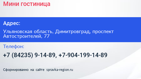 Мини-гостиница по адресу Ульяновская область, Димитровград, проспект Автостроителей, 77 в дальнейшем Организация, размещена в следующих категориях:
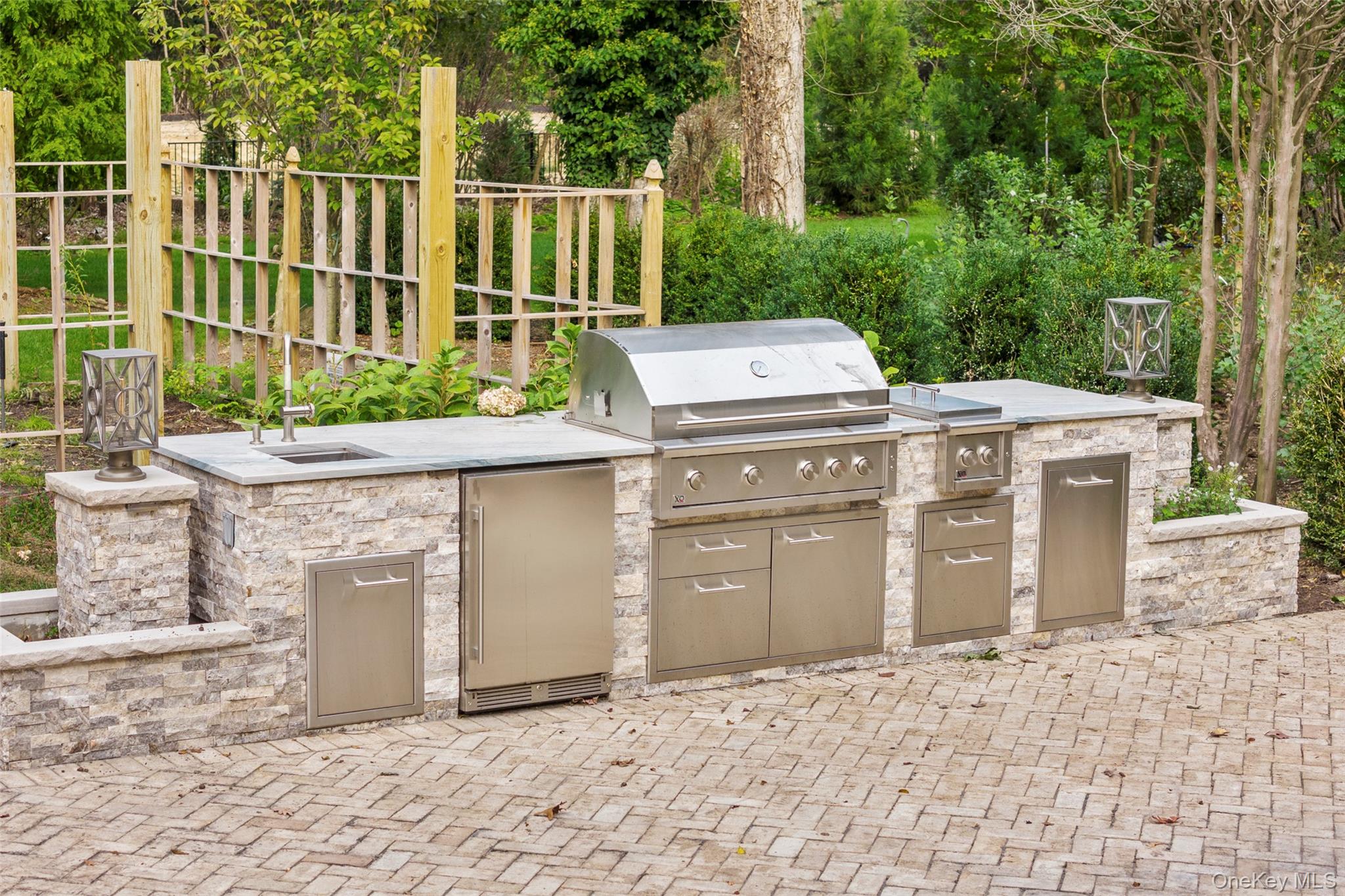 Incredible improved 1.93 acre property in Nissequogue welcomes custom new construction to take advantage of the existing foundation of the formerly 3500 sq ft home. Extensive landscaping in place with specimen plantings, lighting, irrigation, lawn and garden. Hardscape includes upscale outdoor Kitchen, Fire Pit, impressive stone patio and pool surround for in ground Gunite Pool. All pool equipment and systems recently updated. In ground 1000 gallon Propane tank, newly paved drive with drainage and Belgian block edging.
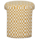 Met zijn vrolijke ruitdessin en compacte formaat is de WOOOD kruk Charlie in geel een echte sfeermaker in huis. Dit veelzijdige krukje combineert een vriendelijke vormgeving met een speels patroon, waardoor het een verrassende blikvanger is in ieder interieur. Of je hem nu gebruikt als extra zitplek, voetenbankje of decoratieve bijzetter – Charlie voelt zich overal thuis. De opvallende bekleding in onze Chess-stof geeft het ontwerp karakter. Deze geweven chenille stof is vervaardigd uit 100% polyester en heeft een gelijkmatig blokpatroon dat zorgt voor een speelse, maar stijlvolle uitstraling. De stof is bestand tegen intensief gebruik – ideaal voor dagelijks comfort. Met een hoogte van 47 cm en een compact oppervlak van 45 bij 45 cm past Charlie moeiteloos in kleine ruimtes. De stevige pootconstructie, met een hoogte van 38 cm en een draaggewicht tot 100 kg, zorgt voor stabiliteit. De zitting van 9 cm dik biedt bovendien aangenaam comfort. Onderhoud is eenvoudig: bij een vlek dep je deze voorzichtig met een schone, lichtvochtige doek – zonder te wrijven. Indien nodig kan de bekleding gewassen worden op 30 graden of gestoomd, mits deze afneembaar is. De Charlie kruk in ruit dessin geel wordt volledig gemonteerd geleverd. Voor het beschermen van harde vloeren is het aan te raden om viltglijders onder de poten te plaatsen. Een subtiele eyecatcher met karakter – perfect voor wie functionaliteit wil combineren met uitgesproken stijl.

_The task_
The task calls for every line of the data to be returned exactly, without pictures.

_Written response_
 Мини-гостиница по адресу Ульяновская область, Димитровград, проспект Автостроителей, 77 в дальнейшем Организация, размещена в следующих категориях:
 Incredible improved 1.93 acre property in Nissequogue welcomes custom new construction to take advantage of the existing foundation of the formerly 3500 sq ft home. Extensive landscaping in place with specimen plantings, lighting, irrigation, lawn and garden. Hardscape includes upscale outdoor Kitchen, Fire Pit, impressive stone patio and pool surround for in ground Gunite Pool. All pool equipment and systems recently updated. In ground 1000 gallon Propane tank, newly paved drive with drainage and Belgian block edging.
 Met zijn vrolijke ruitdessin en compacte formaat is de WOOOD kruk Charlie in geel een echte sfeermaker in huis. Dit veelzijdige krukje combineert een vriendelijke vormgeving met een speels patroon, waardoor het een verrassende blikvanger is in ieder interieur. Of je hem nu gebruikt als extra zitplek, voetenbankje of decoratieve bijzetter – Charlie voelt zich overal thuis. De opvallende bekleding in onze Chess-stof geeft het ontwerp karakter. Deze geweven chenille stof is vervaardigd uit 100% polyester en heeft een gelijkmatig blokpatroon dat zorgt voor een speelse, maar stijlvolle uitstraling. De stof is bestand tegen intensief gebruik – ideaal voor dagelijks comfort. Met een hoogte van 47 cm en een compact oppervlak van 45 bij 45 cm past Charlie moeiteloos in kleine ruimtes. De stevige pootconstructie, met een hoogte van 38 cm en een draaggewicht tot 100 kg, zorgt voor stabiliteit. De zitting van 9 cm dik biedt bovendien aangenaam comfort. Onderhoud is eenvoudig: bij een vlek dep je deze voorzichtig met een schone, lichtvochtige doek – zonder te wrijven. Indien nodig kan de bekleding gewassen worden op 30 graden of gestoomd, mits deze afneembaar is. De Charlie kruk in ruit dessin geel wordt volledig gemonteerd geleverd. Voor het beschermen van harde vloeren is het aan te raden om viltglijders onder de poten te plaatsen. Een subtiele eyecatcher met karakter – perfect voor wie functionaliteit wil combineren met uitgesproken stijl.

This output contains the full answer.